Её заострённые, звериные уши покрывала всё та же золотисто-русая шерсть, торчавшая на кончиках задорными кисточками. Низкий скошенный лоб, коротковатый, чуть приплюснутый нос, широкий рот с пухлыми, вывернутыми губами, негустые и неправильные брови — отменно некрасивая девчонка, самая настоящая дурнушка, зато тело гибкое и тугое, как лук. Изящная, но под кожей на плечах проступали мышцы — не огромные, как у мужчин, но плотные и достаточно сильные. Бёдра — тоже сильные, развитые от быстрого бега. Сухая, без мягкого жирка, с маленькой грудью, она больше походила на мальчишку-подростка, чем на девушку. В человеческом облике шерсть не полностью покинула её лицо — осталась на нижней челюсти наподобие светлой бородки. Не девица — зверёныш, волчонок с насмешливыми глазами.

Олянка, прислонившись спиной к дереву, тяжело дышала. Морозный воздух обжигал лёгкие, сердце надрывно стонало, захлёбывалось под рёбрами. Девица-оборотень между тем, сжав запястье Олянки, приподняла её руку и нахмурилась. Кровавые полоски — следы клыков — алели на предплечье. А Олянка и не заметила...

— Плохи твои дела, подруга, — вздохнула нагая девица. — Успел он таки цапнуть тебя... Тебя как звать?

— Олянка...

— А я — Куница. Можно — Куна. Пойдём-ка, обогреться тебе надобно.

Ноги Олянки подрагивали в коленях, но она нашла в себе силы проследовать за своей новой знакомой. Та двигалась по-звериному плавно, ловко, через глубокий снег перебиралась удивительно легко, не оставляя на нём следов, точно по воздуху ступала...

— Это хмарь, — пояснила она Олянке, кольнув её лунной искоркой взгляда через плечо. — По ней мы, псы, ходим, аки по тверди земной. Сейчас ты не видишь её, но вскоре начнёшь видеть.

Олянка увязла в сугробе, зачерпнула полные сапожки снега, не устояла и рухнула в леденящую, мерцающую в лунном свете зимнюю перину. Неуютная то была постель — отнюдь не пуховая, что дома в опочивальне её ждала. Холодная, мертвящая — в самый раз уснуть в ней вечным сном...

— Эх, ты, — усмехнулась Куница над неловкостью Олянки.

Недолго думая, она перекинула её через плечо и потащила бесшумно — снег ни разу не скрипнул под её шагами.

Олянке показалось, что земля разверзлась под ними, разинув тёмный рот. Крик застрял в её сдавленном горле... Но удара не последовало: Куница пружинисто и мягко приземлилась на ноги.

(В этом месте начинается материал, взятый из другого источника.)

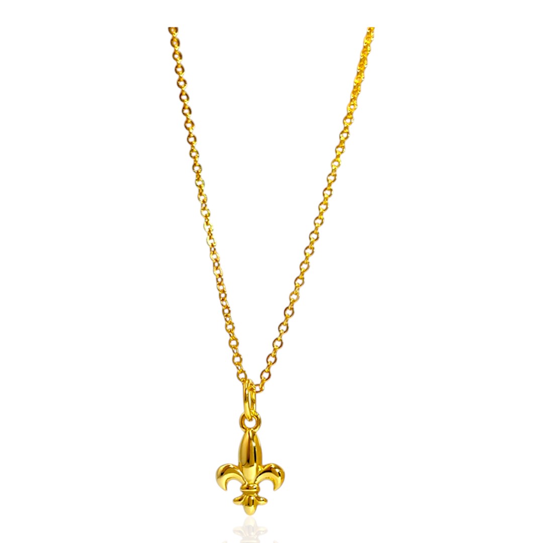 Elegant Fleur de Lys Pendant – 18K Gold Plated Sterling Silver French Jewelry Necklace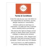 Enter the sale at your own risk! Brie’s is not responsible for accidents, injuries, allergic reactions or sensitivities. All items sold as is and have no warranties. All sales are final. Examine items carefully before purchasing! We reserve the right to charge correct pricing on items which have removed, changed or altered price stickers. Cash, good checks, VISA, MasterCard, Discover Card and American Express accepted. Credit cards over $10 please. Sorry but there is no staff available to assist in moving heavy objects. Please line up in an orderly fashion to start. We do limit the number of customers who can enter the home at one time to start but do our best to expedite this process.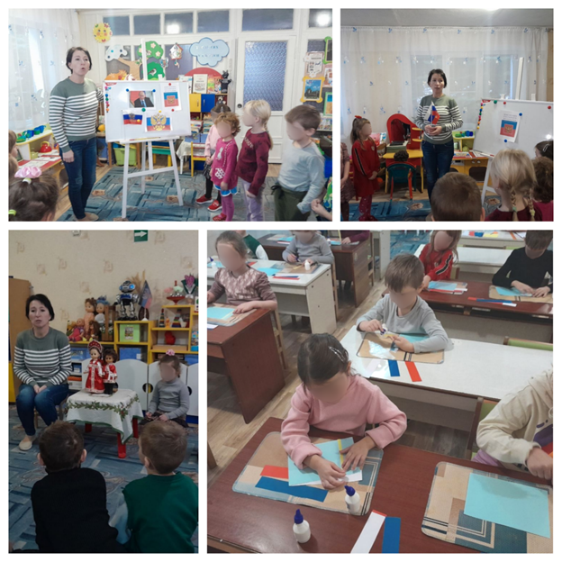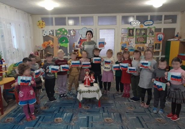 Она ознакомила детей с основными конституционными положениями России, рассказала им сказку "Страна Можно и страна Нельзя" о значимости конституции страны-агрессорки и показала воспитанникам российскую государственную символику. Кроме этого коллаборантка заставила малышей делать аппликации с флагом государства-террориста.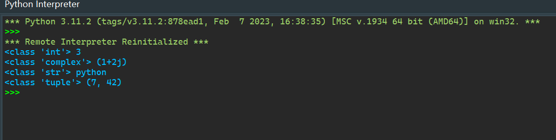 r1 = eval('1 + 2') print(type(r1), r1) r2 = eval('1+2j') print(type(r2), r2) r3 = eval('"python"') print(type(r3), r3) r4 = eval('7, 42') print(type(r4), r4)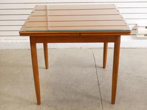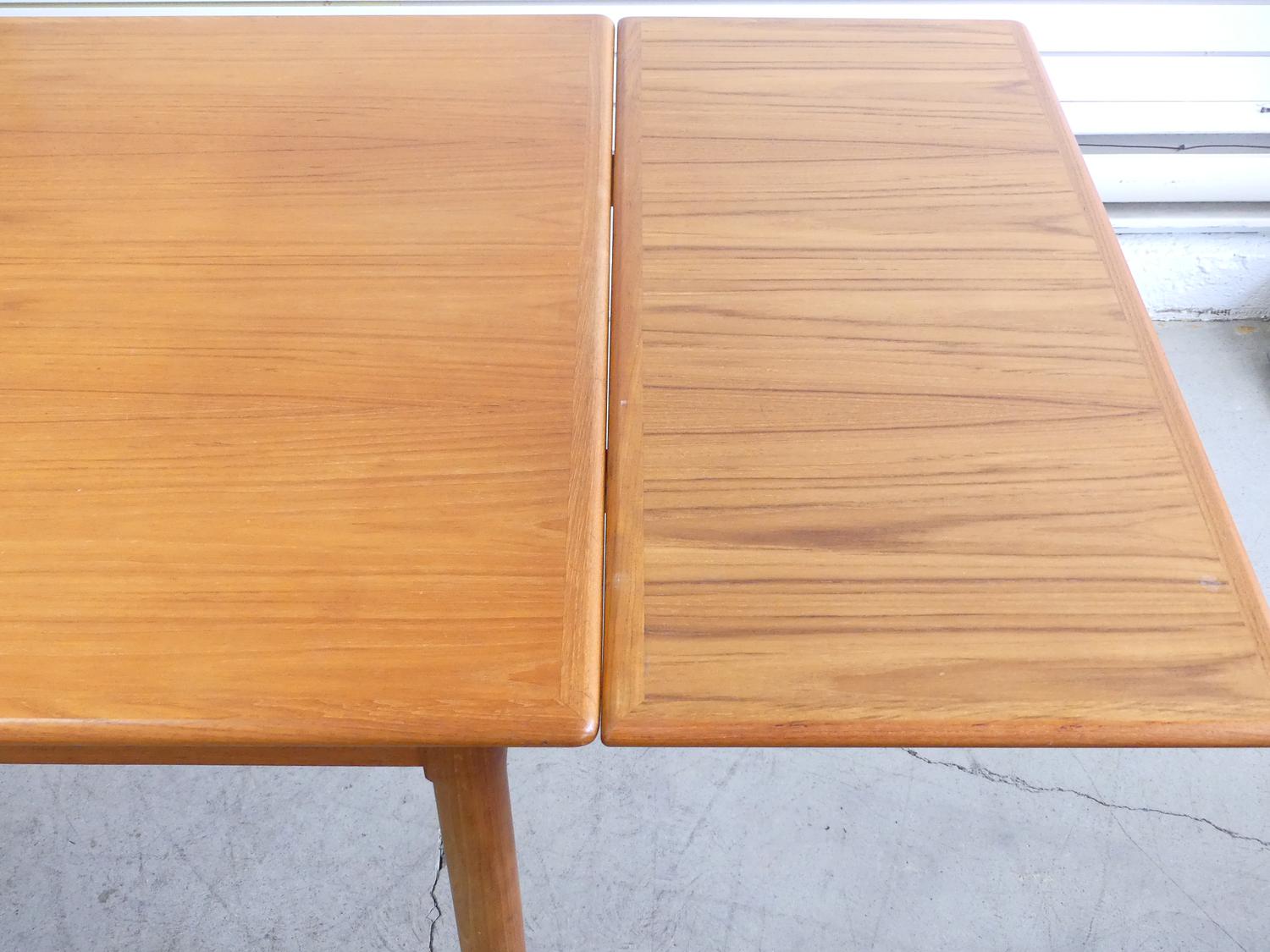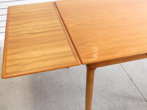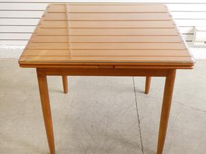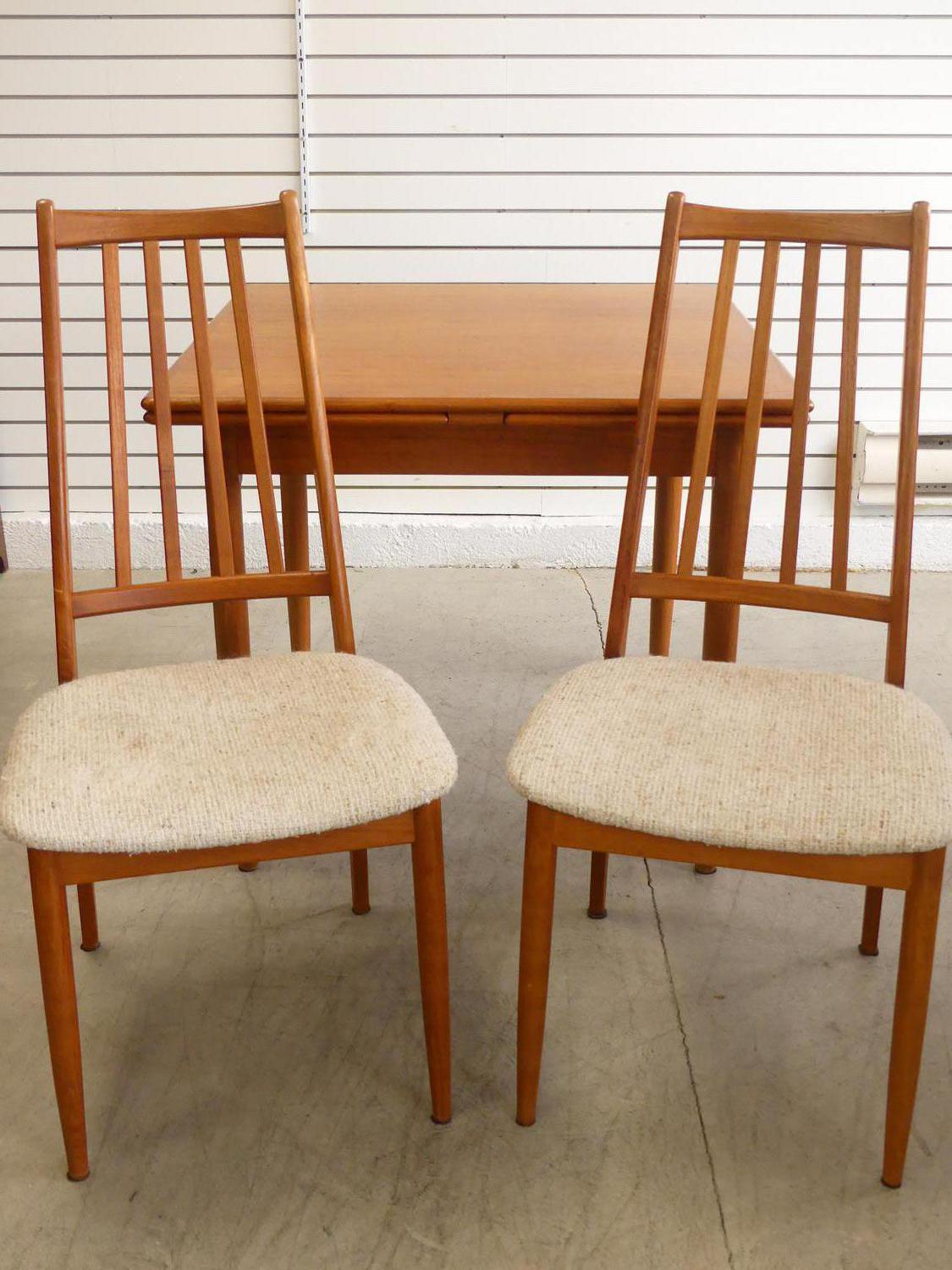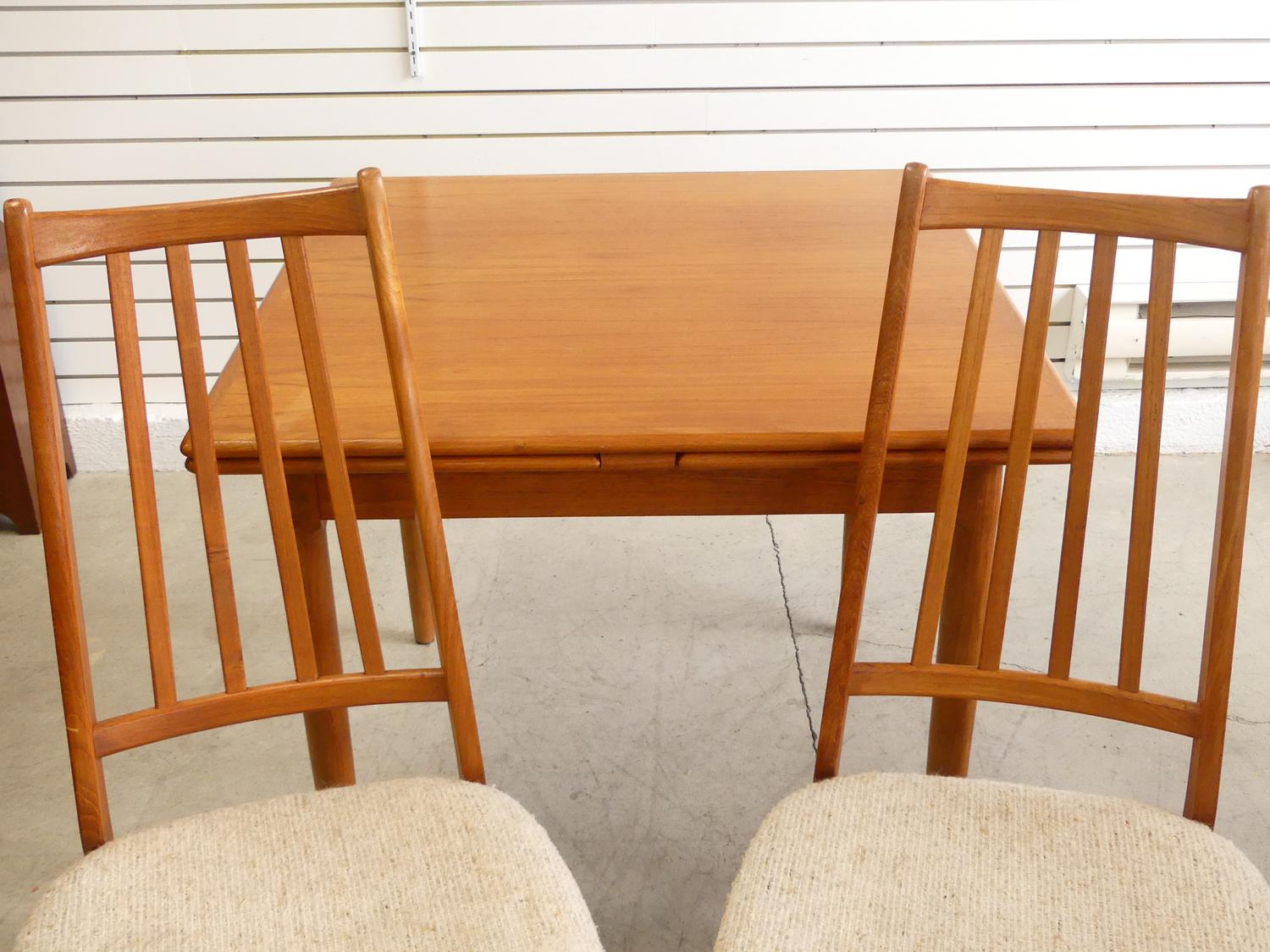 teak square draw leaf table with two chairs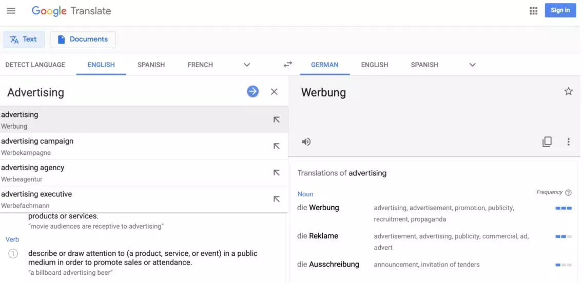 ഡോക്യുമെന്റ് ഫയലുകള് അപ്ലോഡ് ചെയ്ത് തര്ജമ ചെയ്യാനും പ്രത്യേകം വാക്കുകള് നല്കി തര്ജമ ചെയ്യാനുമുള്ള ഓപ്ഷനുകള് ഇടത് ഭാഗത്ത് മുകളിലായി നല്കിയിട്ടുണ്ട്. ഇന്പുട്ട് വിന്ഡോയില് ഒരു വാക്ക് നല്കുമ്പോള്, അതിന്റെ അര്ത്ഥം, പര്യായങ്ങള്, പദപ്രയോഗം, ക്രിയാവിശേഷണം ഉള്പ്പടെയുള്ള നിര്വചനങ്ങള് താഴെ കാണാം. പര്യായപദങ്ങൾ ക്ലിക്ക് ചെയ്താല് അതിന്റെ തര്ജമയും കാണാം.

— Садись-ка... Сейчас огонь разведём.

В руках Куницы чиркнуло огниво, искры рассеяли тьму, отразившись на миг в глазах девицы-оборотня. Куча сухих листьев быстро вспыхнула. Куница притащила откуда-то из темноты охапку хвороста, и огонь жадно затрещал, перекидываясь на него. Олянка озиралась. Дымок вытягивало в дыру над их головами — ту самую, в которую Куница так ловко «провалилась».

— Что это за подземелье?

Куница протянула к огню когтистые пальцы. Поворачивая руки, сжимая и разжимая кулаки, она проговорила:

— Ух, хорошо, тепло... Хоть мы, псы, и не боимся мороза, а всё ж приятно у огня посидеть... Подземелье? А это ходы наши. Марушины псы по ним днём передвигаются, когда солнце яркое. Отдыхают тут же.

Пламя разгоралось не бурно, но уверенно. Оно влекло своим жаром, и совсем замёрзшая Олянка невольно потянулась к нему. Её пальцы подрагивали, а на нежной, белой коже запястий проступали синяки — отпечатки мужских рук. Куница нахмурилась:

— Это кто тебя так?

Олянка чуть отдалила руки от огня, жар которого сушил и стягивал кожу.

— Муж, — ответила она глухо, через ком в горле. — Он вообще не дурной человек, но на него накатывают припадки. Он становится безумен, беснуется, как дикий зверь. Слугам его цепями приходится опутывать, чтоб удержать. А между припадками он хороший, добрый. Он сам не рад этому... Он даже жениться не хотел, чтоб жену своим безумием не мучить, но отец настоял: внуков хотел, наследников. Отец у него — знатный человек, княжий дружинник.

— Так это от него ты убежала? — понимающе прищурилась Куница.

— Да, — проронила Олянка. — У него припадок начался.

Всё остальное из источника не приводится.